Звуки артиллерийской канонады, приглушенные горой, вначале вовсе не достигали его слуха. Он слыхал только далекий слитный шум, но шум пропадал всякий раз, едва раненый напрягал слух.
Затем наступило облегчение. Вильчковский дал ему болеутоляющее, и ушибленная спина перестала чувствовать жесткий тюфяк. Во рту оставался неприятный, вяжущий вкус, приходилось часто глотать слюну.
Он лежал плашмя, не поворачивая головы, скашивая глаза на окно, но за окном не было и не могло быть ничего, кроме чистого неба. Деревья, которые росли здесь раньше, срублены при постройке казарм и больницы.

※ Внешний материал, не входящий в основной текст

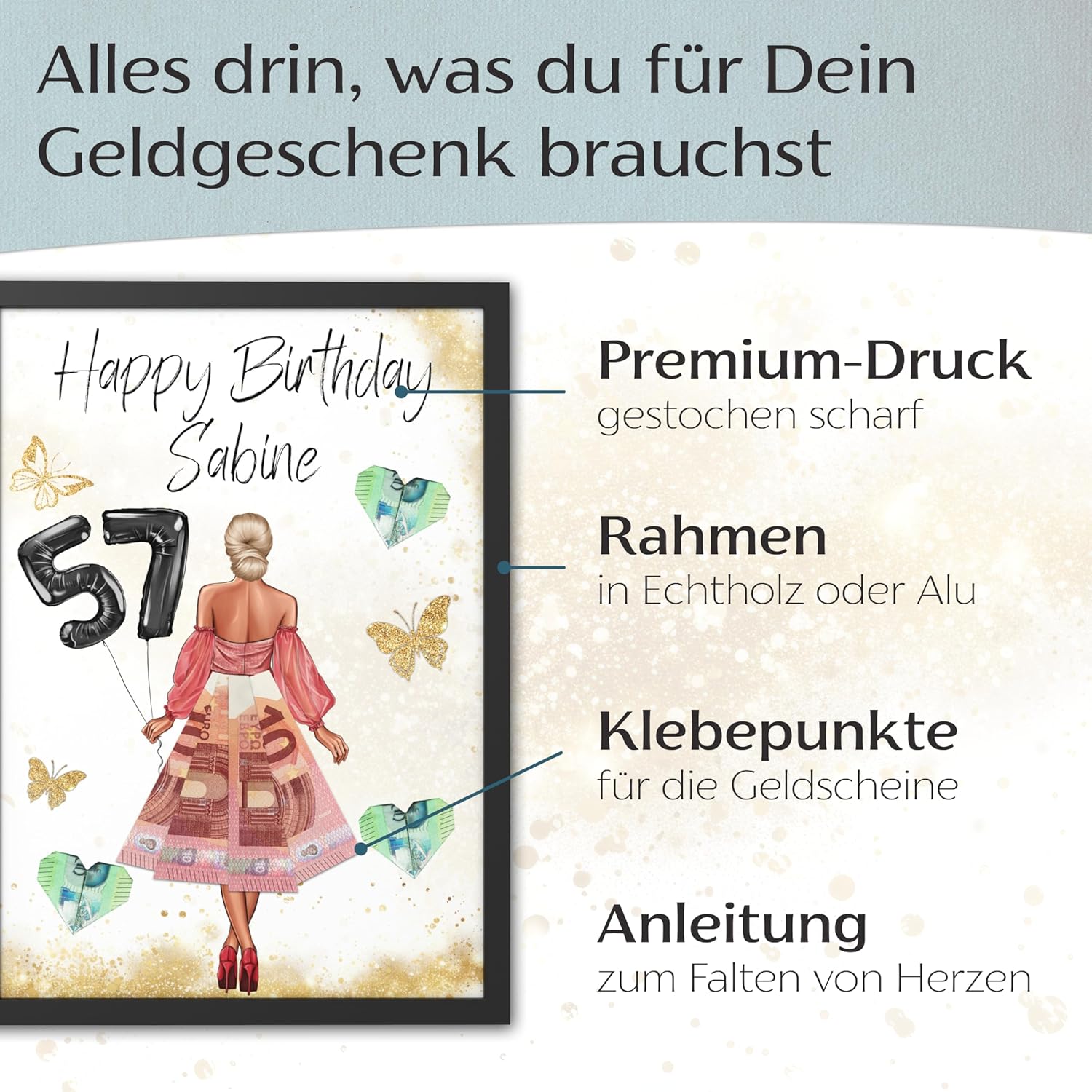 • Уникален подарък за рожден ден - Креативният плакат за подарък с пари е перфектната изненада за жени, момичета и най-добри приятелки. Стилен начин да подарите пари, като същевременно създадете траен спомен.
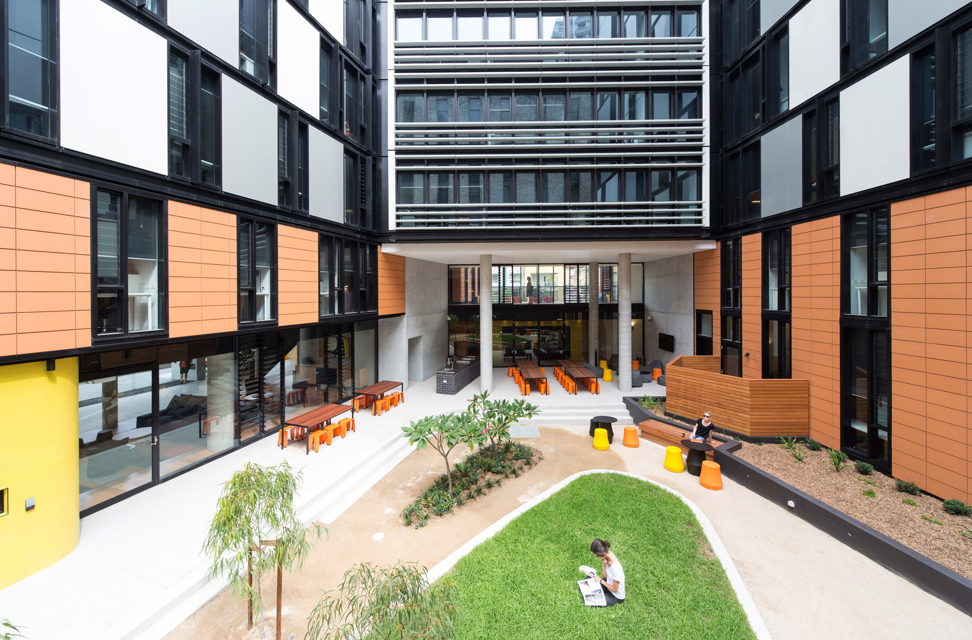 The 12 storey building is read as a series of stacked volumes that sit on a two storey terracotta base that provides warmth and a human scale to the street. The two lower levels of the building accommodate a range of indoor communal spaces that open onto a large landscaped courtyard for residents to meet and socialize.
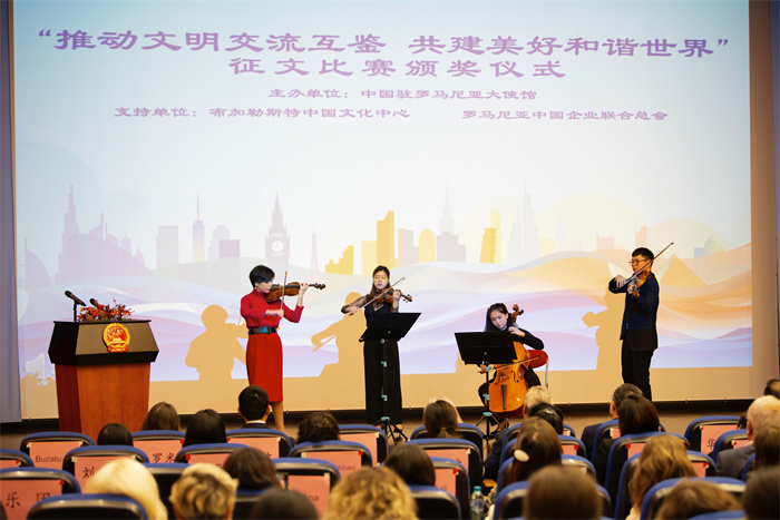 | 香港弦樂團(tuán)音樂家在頒獎(jiǎng)儀式上的精彩演出。布加勒斯特中國文化中心供圖 |
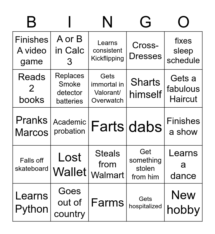 This bingo card has a free space and 24 words: Lost Wallet, Goes out of country, Gets immortal in Valorant/ Overwatch, Learns Python, fixes sleep schedule, Finishes A video game, Reads 2 books, A or B in Calc 3, dabs, Steals from Walmart, Sharts himself, Pranks Marcos, Get something stolen from him, Learns a dance, Replaces Smoke detector batteries, Gets hospitalized, Finishes a show, Learns consistent Kickflipping, Gets a fabulous Haircut, Academic probation, New hobby, Falls off skateboard, Cross-Dresses and Farms.
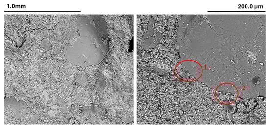 SEM images of the 2-day aged reference sample at 80× (left) and 300× (right). The red circles represent a good gel–aggregate adhesion (1) and a less pronounced bond (2).
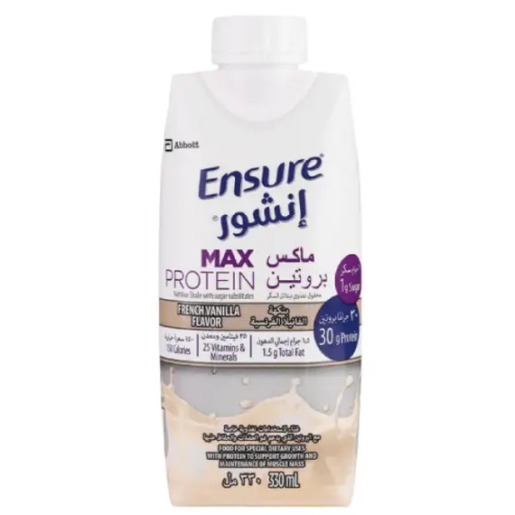 حليب انشورماكس بروتين مكمل غذائي بنكهة الفانيلا ( Ensure MAX 330ml ) الكرتون عبوة 18 حبة
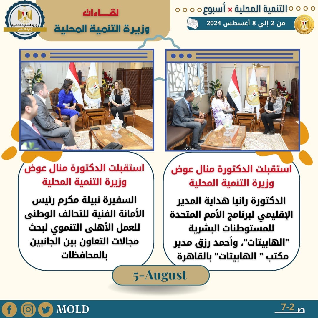 واستقبلت الدكتورة منال عوض وزيرة التنمية المحلية، الدكتورة رانيا هداية المدير الإقليمي لبرنامج الأمم المتحدة للمستوطنات البشرية "الهابيتات"، وأحمد رزق مدير مكتب " الهابيتات" بالقاهرة وذلك بمقر وزارة التنمية المحلية بالعاصمة الإدارية الجديدة، لبحث ملفات التعاون المشترك والتحضيرات الجارية لاستضافة مصر للمنتدى الحضري العالمي.
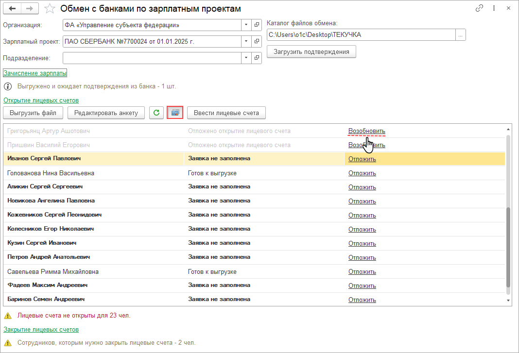 Повторное нажатие кнопки Показывать отложенное открытие лицевых счетов возвращает список в исходное состояние, когда в нем не отображаются "отложенные" сотрудники.

Маша всматривалась в измученное лицо Максутова. Предупрежденная Пастуховым, что батарея на перешейке прекратила сопротивление, она возвратилась в госпиталь и осталась при сердитом, громыхающем Вильчковском. Аптекарь, счастливый тем, что дочь жива и невредима, носился по госпиталю, наполняя комнаты суетой, латынью, как-то странно звучавшей среди горячечного бреда, стонов и вздохов.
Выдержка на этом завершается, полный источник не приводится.